SOCIAL DISTANCING, Chapter 33: In Which I Try To Think.

By Liz McLeod

Still Your House Manager

 

“What do you say,” I mumbled out loud, “when you can’t think of anything else to say?”

“Never has this stopped you before,” replied Miss Carol T. Cat, turning to lick her rear haunch in a manner clearly intended to display her irritation at such a nonsensical question. Miss Carol T. Cat is not much for two-bit philosophy. Being a felid, she is an advocate at all times of clear, directly-expressed thought.

“No,” I replied, “but still – what am I supposed to say? I’ve got a column or a blog or whatever you wanna call it due today and I can’t think of anything I want to write about.”

“And again I reiterate,” Miss Carol volleyed back, “ never has this stopped you before. Your formula is all too clear. You state each week’s theme with a tedious complaint, I offer a glitteringly witty rejoinder, and we continue in this fashion for several hundred words, until all possibilities inherent in the topic have been exhausted. You then dismiss me as – ah – ‘ridiculous fat barrel cat,’ and then I respond with a masterful ‘topper’ to conclude the essay. The task before you is simplicity itself -- *if* you know how.”

I hate literary critics. Did I ever mention that? Apropos of nothing, you understand, but I really hate literary critics. Especially ridiculous fat barrel literary critics.

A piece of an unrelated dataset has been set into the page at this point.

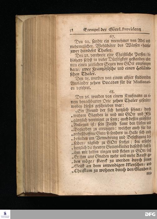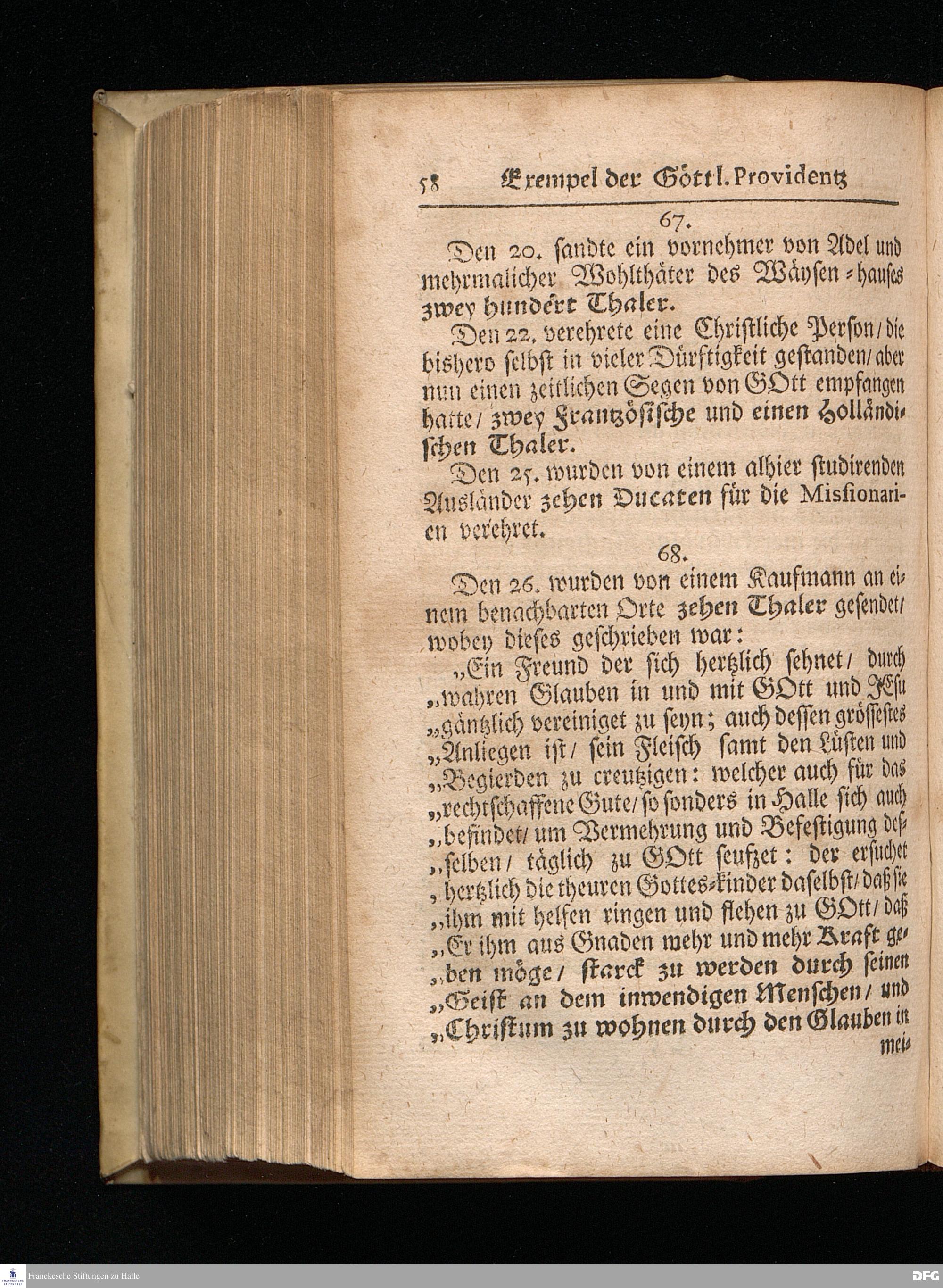 Segens=volle Fußstapfen des noch lebenden und waltenden liebreichen und getreuen GOttes / Zur Beschämung des Unglaubens und Stärckung des Glaubens entdecket durch eine wahrhafte und umständliche Nachricht von dem Wäysen=Hause und übrigen Anstalten zu Glaucha vor Halle: Welche im Jahr 1701. zum Druck befördert; ietzo aber zum dritten mal ediret / und bis auf gegenwärtiges Jahr fortgesetzet von August Herm.Francken / S.Theol.Prof.und Past. Halle / in Verlegung des Wäysen=hauses / MDCCIX.

“Yeah, you’re pretty smart, ain’cha?” I replied just to keep the conversation moving. Miss Carol nodded to acknowledge the absolute veracity of my statement. She is, in fact, pretty smart. “But what I mean is – what can I say right now? With things the way they are, I mean. In the world. You know what’s going on in the world right now, don’cha?”

Miss Carol scowled.  “I have this morning observed a garbage truck collecting the barrels from the apartment complex across the block, a procedure I have found unnecessarily loud and invasive. I have witnessed an intriguingly plump grey squirrel busy about the construction of its autumnal cache of forage. Three chickadees and a tufted titmouse have goaded me from the safety of an outdoor tree limb.  And I have viewed three episodes of  ‘Star Trek: Voyager,’ none of them especially good.”

“That’s not what I mean,” I interrupted.

“The episode in which Captain Janeway and Lieutenant Paris were transformed into disturbing amphibian-like creatures was especially offensive,” continued Miss Carol. “That concludes the resume of my activities this morning, an agenda, which, you will note, has been severely constricted by your unreasonable refusal to permit me to adequately patrol this neighborhood.”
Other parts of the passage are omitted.